The significance of contrast coefficients is that they help understand what each effect (each parameter b estimated in the regression with our X, coded as it is) represent in the sense of the difference (the group comparison). We immediately see, following the coefficients, that the estimated Constant will equal the Y mean in the reference group; that parameter b1 (i.e. of dummy variable A1) will equal the difference: Y mean in group1 minus Y mean in group3; and parameter b2 is the difference: mean in group2 minus mean in group3.

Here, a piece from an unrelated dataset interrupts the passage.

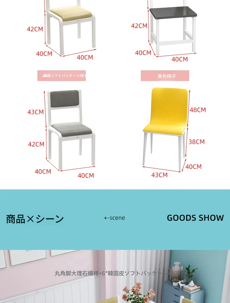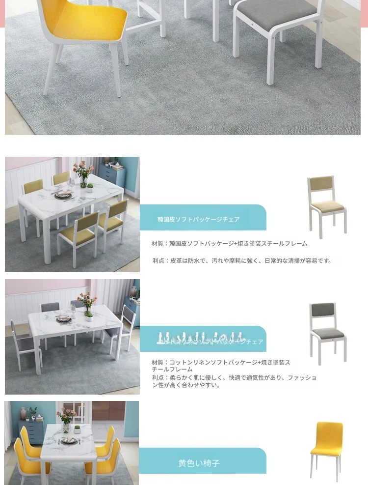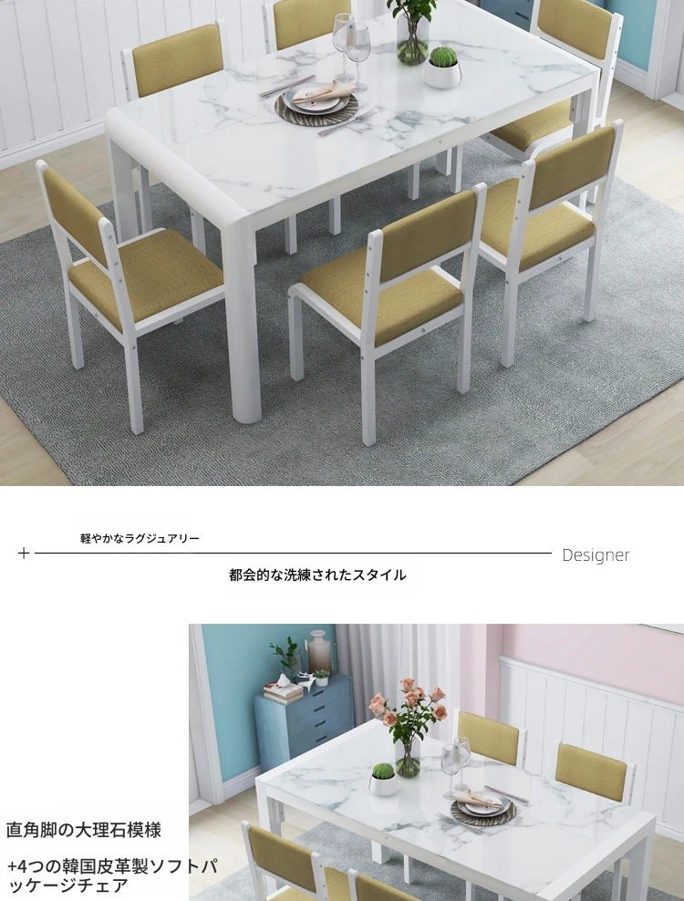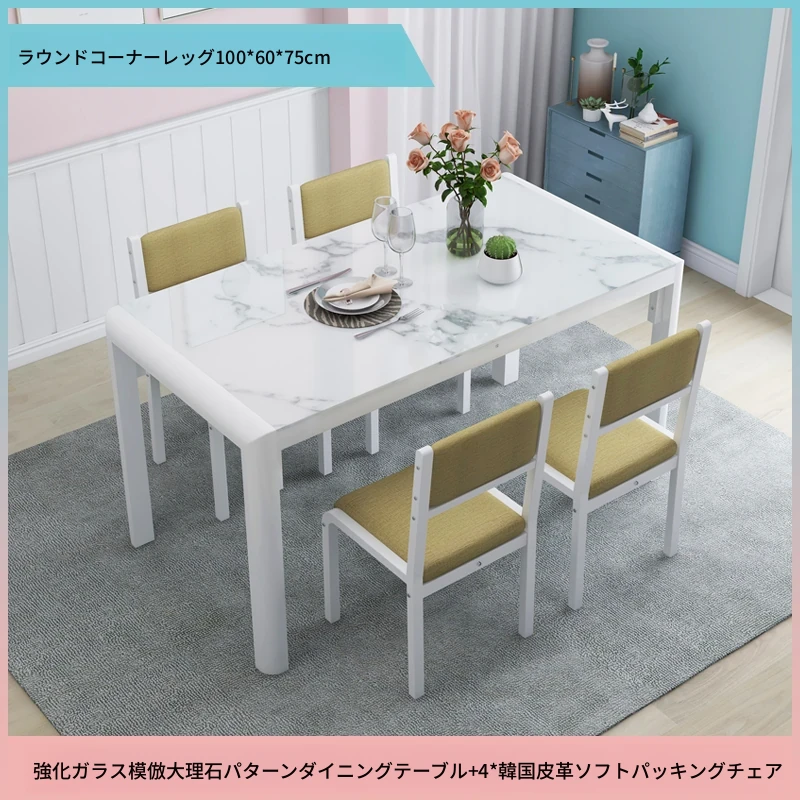 100*60 直角レッグ 大理石模様 + 4* 韓皮 ソフトパックチェア

Note: Saying "mean" right above (and further below) we mean estimated (predicted by the model) mean for a group, not the observed mean in a group.
An instructive remark: When we do a regression by binary predictor variables, the parameter of such a variable says about the difference in Y between variable=1 and variable=0 groups. However, in the situation when the binary variables are the set of k-1 dummy variables representing a k-level factor, the meaning of the parameter gets narrower: it shows the difference in Y between variable=1 and (not just variable=0 but even) reference_variable=1 groups.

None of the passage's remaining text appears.